他的指尖在冰涼的金屬上停留,最終揀起把短匕,指尖一勾,刀身無聲滑入特制的皮鞘,貼在后腰一側,嚴絲合縫。
他拿起石臺上疊放整齊的黑色衣物,料子不知是什么織就,觸手微涼柔滑,卻異常堅韌。
穿戴整齊后,他又從懷中取出一張薄如蟬翼的面罩,邊緣有細密的銀色符文流轉,輕輕覆在臉上,五官的輪廓立刻模糊下去,只剩下一雙眼睛,在幽光里亮得懾人。

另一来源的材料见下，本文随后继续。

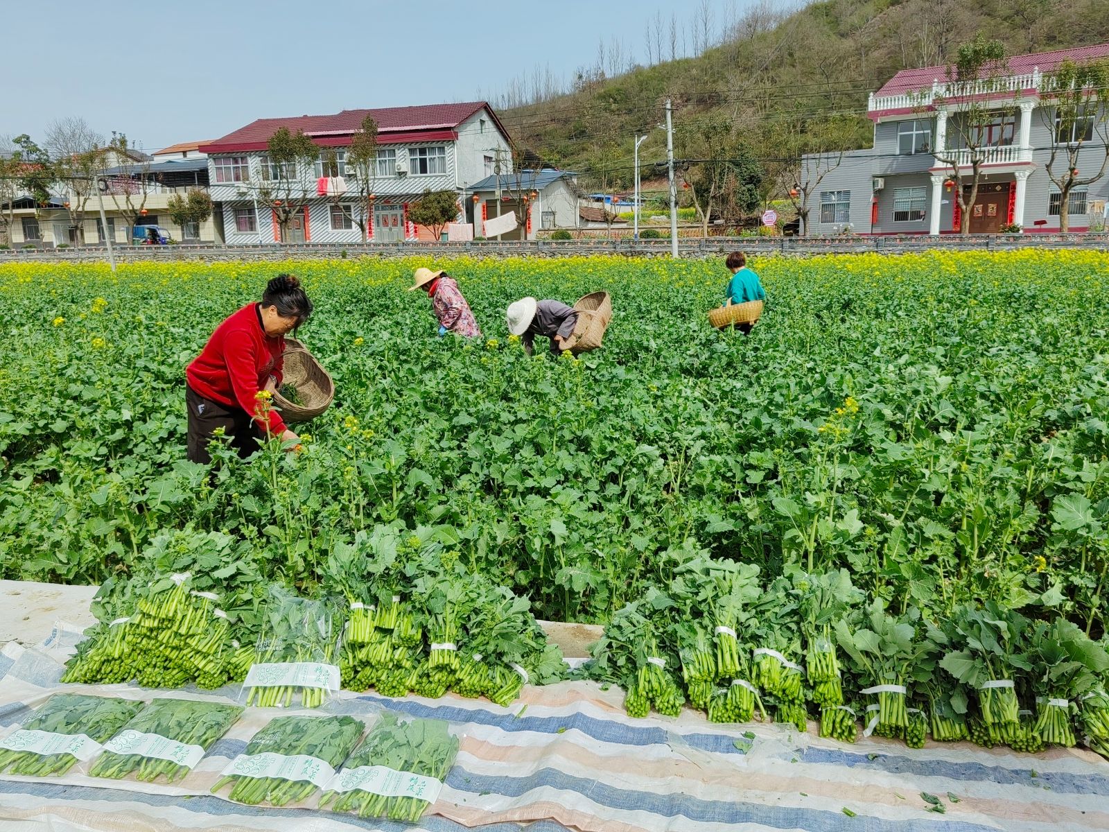 油菜团队到保康马良开展“科技闹春耕”菜薹采摘活动

剛走到洞口,一道暗影卻堵在了那里,是赤霄身邊常跟著的一個魔侍,生得矮小精悍,一雙眼睛滴溜溜轉著,嘴角掛著慣常的,皮笑肉不笑的弧度。
“云岫大人,”魔侍躬身,姿態恭敬,“尊上今日設有宴會,特來邀請大人。”
赤霄的宴席。
云岫腦子里立刻浮現出那些畫面:大殿里彌漫著劣質香料的甜膩,舞動的肢體扭曲怪異,觥籌交錯間是貪婪的吞咽和諂媚的笑。